> [Material for this exercise]:
______________________________
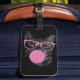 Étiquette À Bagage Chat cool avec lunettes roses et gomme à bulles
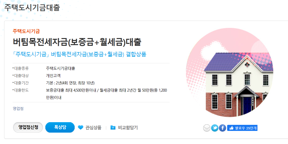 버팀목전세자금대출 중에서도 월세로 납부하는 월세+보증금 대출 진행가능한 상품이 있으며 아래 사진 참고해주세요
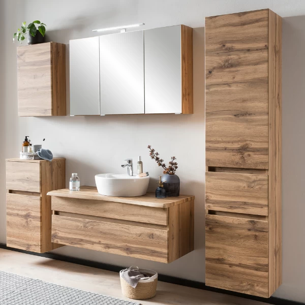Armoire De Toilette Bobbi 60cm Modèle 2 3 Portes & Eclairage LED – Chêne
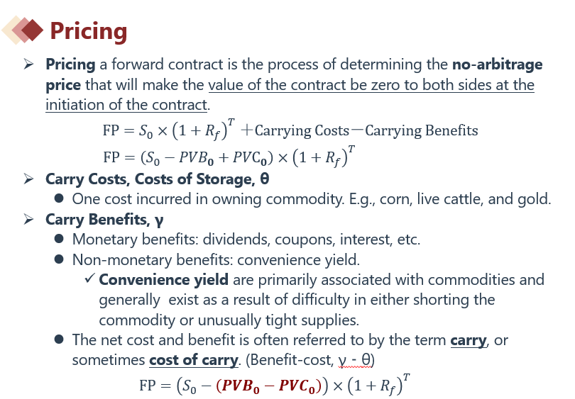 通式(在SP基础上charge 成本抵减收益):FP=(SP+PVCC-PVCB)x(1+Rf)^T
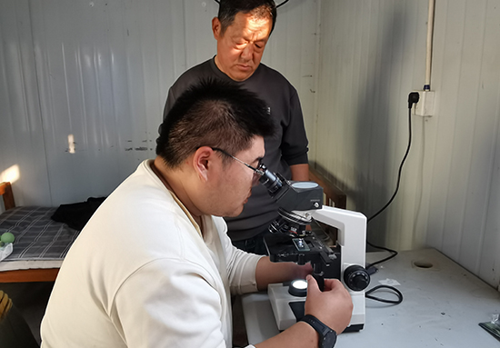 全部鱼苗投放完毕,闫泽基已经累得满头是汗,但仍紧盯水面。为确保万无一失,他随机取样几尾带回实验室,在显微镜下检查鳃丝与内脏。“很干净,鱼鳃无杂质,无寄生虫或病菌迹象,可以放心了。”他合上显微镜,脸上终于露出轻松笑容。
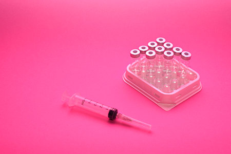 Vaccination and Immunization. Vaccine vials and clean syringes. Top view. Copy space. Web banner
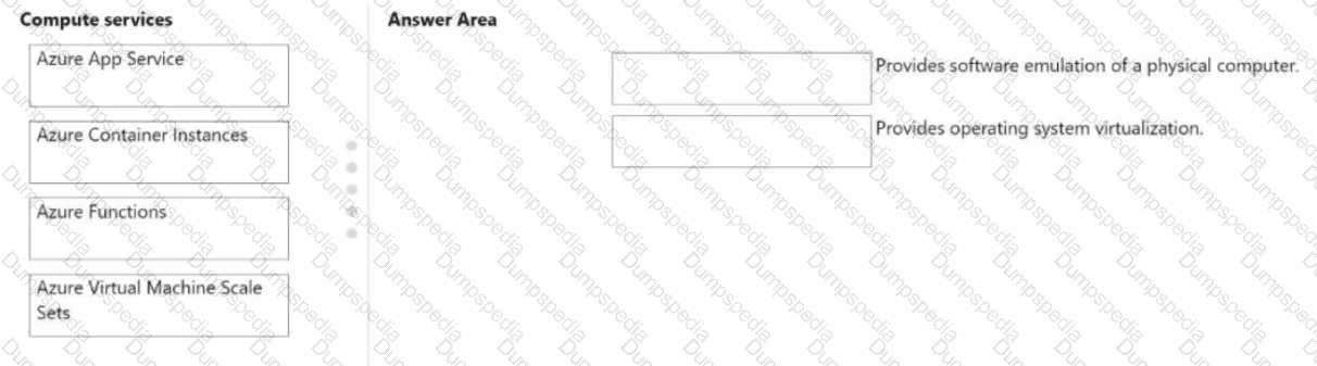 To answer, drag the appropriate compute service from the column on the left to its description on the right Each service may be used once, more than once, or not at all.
______________________________
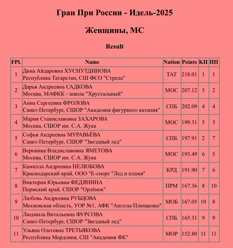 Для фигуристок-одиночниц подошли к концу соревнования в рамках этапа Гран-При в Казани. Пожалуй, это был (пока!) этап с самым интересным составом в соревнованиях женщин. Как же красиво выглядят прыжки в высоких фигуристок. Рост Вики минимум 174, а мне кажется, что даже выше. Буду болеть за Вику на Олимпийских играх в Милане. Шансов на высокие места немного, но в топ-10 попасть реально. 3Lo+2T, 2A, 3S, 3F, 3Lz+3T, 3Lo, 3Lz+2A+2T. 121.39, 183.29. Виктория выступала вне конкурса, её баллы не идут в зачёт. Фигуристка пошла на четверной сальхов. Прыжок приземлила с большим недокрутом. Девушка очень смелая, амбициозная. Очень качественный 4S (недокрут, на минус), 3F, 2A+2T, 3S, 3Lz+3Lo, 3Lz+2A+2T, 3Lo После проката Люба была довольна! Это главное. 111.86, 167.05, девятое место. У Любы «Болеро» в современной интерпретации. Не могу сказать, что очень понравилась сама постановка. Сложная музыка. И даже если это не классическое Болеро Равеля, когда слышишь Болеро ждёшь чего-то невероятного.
______________________________
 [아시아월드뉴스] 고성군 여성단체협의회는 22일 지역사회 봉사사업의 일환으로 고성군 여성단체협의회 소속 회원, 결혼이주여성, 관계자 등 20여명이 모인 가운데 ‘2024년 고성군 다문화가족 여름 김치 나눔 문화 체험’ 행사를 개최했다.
______________________________
> [Your assignment]: A clean copy is needed of the lines above from the one with "Étiquette À Bagage" up to and including the one with "通式(在SP基础上charg". Please set it down exactly, with no pictures.

> [Written response]:
 Étiquette À Bagage Chat cool avec lunettes roses et gomme à bulles
 버팀목전세자금대출 중에서도 월세로 납부하는 월세+보증금 대출 진행가능한 상품이 있으며 아래 사진 참고해주세요
Armoire De Toilette Bobbi 60cm Modèle 2 3 Portes & Eclairage LED – Chêne
 通式(在SP基础上charge 成本抵减收益):FP=(SP+PVCC-PVCB)x(1+Rf)^T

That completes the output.